Omit the pictures and print exactly the lines of the listing below, starting at the first and ending at the line containing "Der Deko-Stoff begeistert".

• [SUPPLIED DATA]
▶

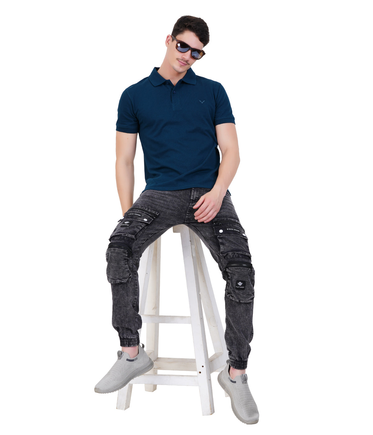 Men's Cotton Rich Polo T Shirt Regular Fit - BLACK STRIPE PRINT
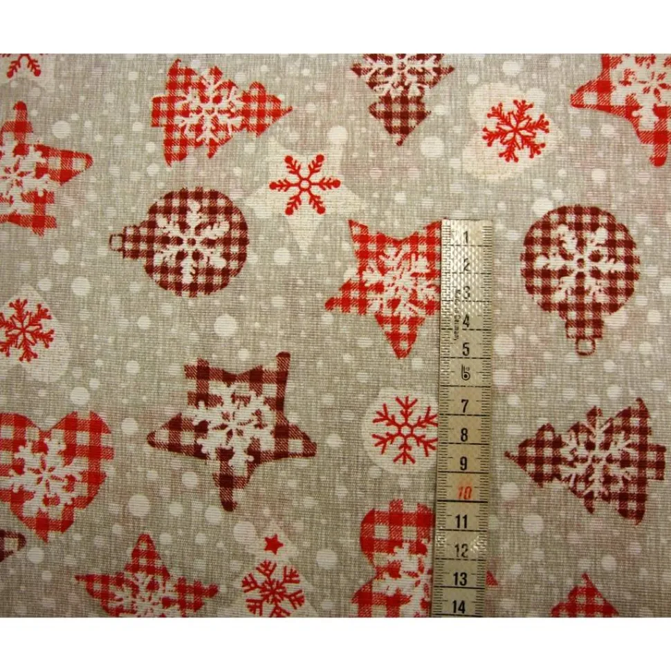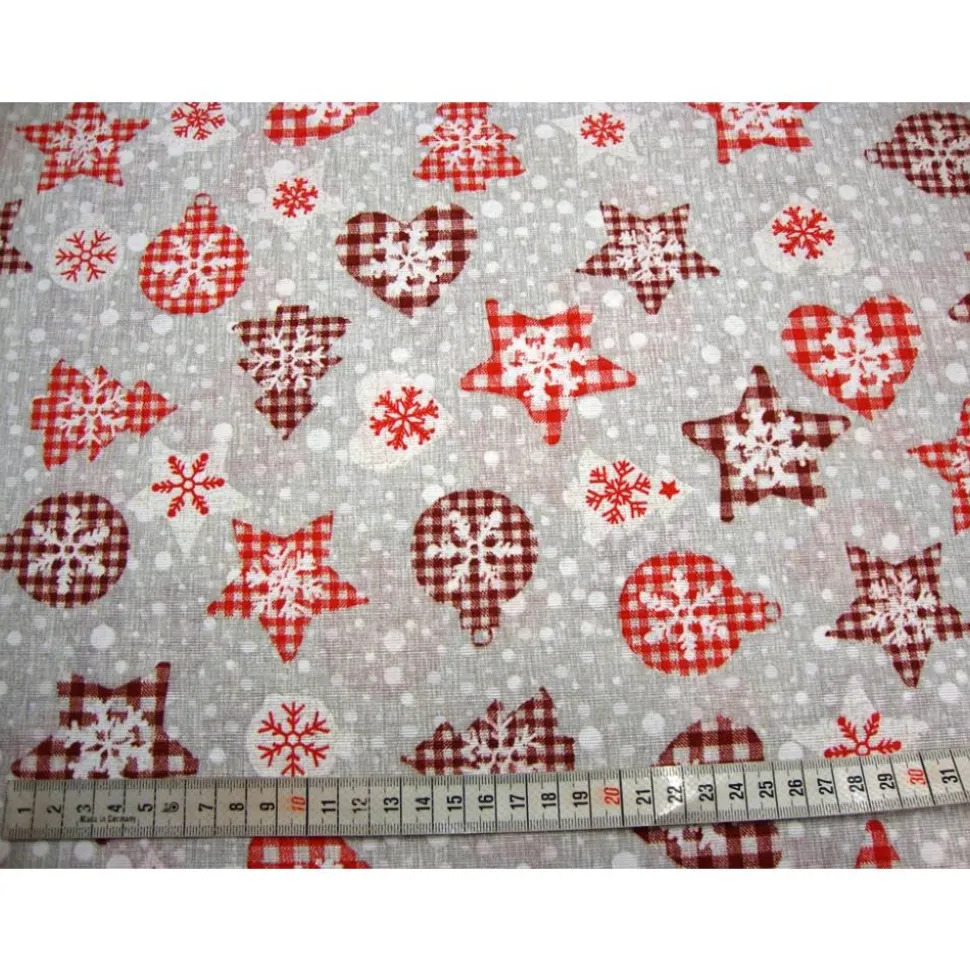 Der Deko-Stoff begeistert mit klassischen Weihnachtsmotiven wie Sterne, Tannenbaum, Herzen und Kugeln im angesagten Karomuster auf grauem Grund.
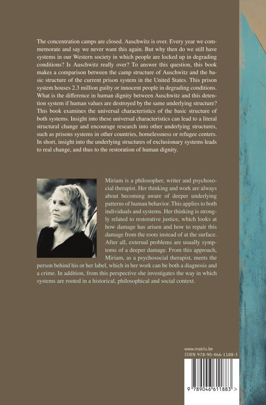 The concentration camps are closed. Auschwitz is over. Every year we commemorate and say we never want this again. But why then do we still have systems in our Western society in which people are locked up in degrading conditions? Is Auschwitz really over? To answer this question, this book makes a comparison between the camp structure of Auschwitz and the basic structure of the current prison system in the United States. This prison system houses 2.3 million guilty or innocent people in degrading conditions. What is the difference in human dignity between Auschwitz and this detention system if human values are destroyed by the same underlying structure? This book examines the universal characteristics of the basic structure of both systems. Insight into these universal characteristics can lead to a literal

◀

• [SOLUTION FOR THIS TASK]
 Men's Cotton Rich Polo T Shirt Regular Fit - BLACK STRIPE PRINT
 Der Deko-Stoff begeistert mit klassischen Weihnachtsmotiven wie Sterne, Tannenbaum, Herzen und Kugeln im angesagten Karomuster auf grauem Grund.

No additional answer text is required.